■ EXERCISE AIM
From the line containing "Du côté de Jelly" through the last line of the data, both ends included, write out every line exactly; omit the pictures.

■ GIVEN DATA
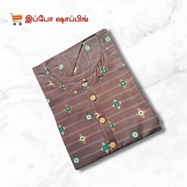 Brown Horizontal Striped Semi Umbrella Kurta, 3/4 Sleeve, [Size - XL]
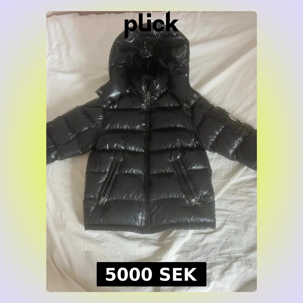 Snygg svart dunjacka från Moncler med glansig finish och stor huva. Jackan har två dragkedjeförsedda fickor framtill och Moncler-logga på ärmen. Perfekt för kalla vinterdagar och riktigt trendig look. Barn jacka typ 10 år.
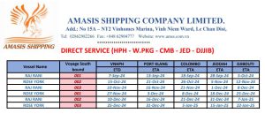 Dear Value customer, We are excited to inform RAJ RANI /001 – ETD HAIPHONG : 07 SEP will direct call COLOMBO/ JEDDAH/ DJIBOUTI ROUTING : HPH-PKLANG – COLOMBO – JEDDAH – DJIBOUTI Accept bellow on VESSEL RAJ RANI /001 We accept service to INDIA/ CGP/ MIDDLE EAST ( via PKL) also. ” NHAVA / MUNDRA / KOLKATA / KARACHI / CHITTAGONG / JEBEL ALI / SOHAR / HAMAD / DJIBOUTI / BANDAR ABBAS / JEDDAH / AQABA” SCHEDULED AS BELOW:
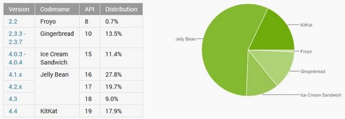 Du côté de Jelly Bean, même si elle reste l'édition la plus utilisée de l'OS de Google avec 56,5 % des terminaux, il faut aussi prendre en considération les différentes versions. C'est une chute globale de 1,9 % pour cette édition. Jelly Bean 4.1 demeure la plus répandue avec 27.8 % alors que les versions 4.2 et 4.3 représentent respectivement 19.7 et 9 pour cent.
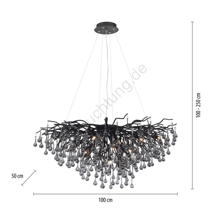 • Paul Neuhaus 2192-18 - Pendelleuchte ICICLE an Stahlseil 10xG9/40W/230V 50x100 cm schwarz

■ PROBLEM SOLUTION
 Du côté de Jelly Bean, même si elle reste l'édition la plus utilisée de l'OS de Google avec 56,5 % des terminaux, il faut aussi prendre en considération les différentes versions. C'est une chute globale de 1,9 % pour cette édition. Jelly Bean 4.1 demeure la plus répandue avec 27.8 % alors que les versions 4.2 et 4.3 représentent respectivement 19.7 et 9 pour cent.
 • Paul Neuhaus 2192-18 - Pendelleuchte ICICLE an Stahlseil 10xG9/40W/230V 50x100 cm schwarz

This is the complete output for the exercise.